OpenAI's deprecated RL starter kit still teaches A3C basics
A reference A3C implementation for real-time environments, now archived in favor of Retro.

What it does This repo houses a starter reinforcement-learning agent built around the A3C (Asynchronous Advantage Actor-Critic) algorithm. It trains parallel workers to play Atari Pong, VNC-hosted games, and Flash titles like Neon Race, with TensorBoard monitoring and tmux orchestration baked in.
The interesting bit
The code is explicitly tuned for VNC Pong and real-time environments where network lag becomes part of the problem.

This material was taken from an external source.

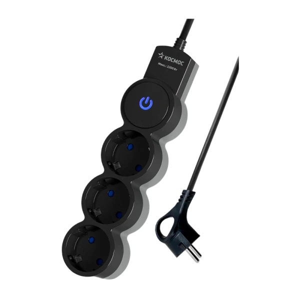 Удлинитель Космос 3р.С/З 10A 5.0м с выкл. ПВС 3х0.75мм² IP20 черный (1/30)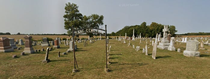 - 👀 El cementerio ese ni siquiera aparece marcado en los mapas de Google: debí recorrer cuadra por cuadra, con la ayuda del tipito amarillo Juan Roberto Street View. Y ahí está, en una llanura campera parecida a la que tenemos por acá:

The README treats latency as a first-class concern—co-locate agent and environment or watch your reaction_time balloon and your policy collapse.
Key highlights
- Basic A3C implementation adapted for real-time (non-frame-perfect) environments
- Spawns tmux session with dedicated windows for each worker, parameter server, and TensorBoard
- Solves local Pong in ~30 minutes with 16 workers on an
m4.10xlarge, or ~10 minutes with 32 workers on anm4.16xlarge - Supports VNC remote environments with viewable agent behavior via TurboVNC
- Flash games run at 5fps, making them feasible on modest core counts
Caveats
- Deprecated: OpenAI points users to the Retro library instead
- Tuned specifically for VNC Pong; performance on other tasks is explicitly not guaranteed
- Dependency stack is frozen in time: TensorFlow 0.12, Python 2.7/3.5, and a Golang requirement
Verdict Worth a quick read if you’re studying A3C or real-time RL challenges, but don’t build on it—this is a museum piece. Active projects should start with Retro or modern Stable-Baselines3 instead.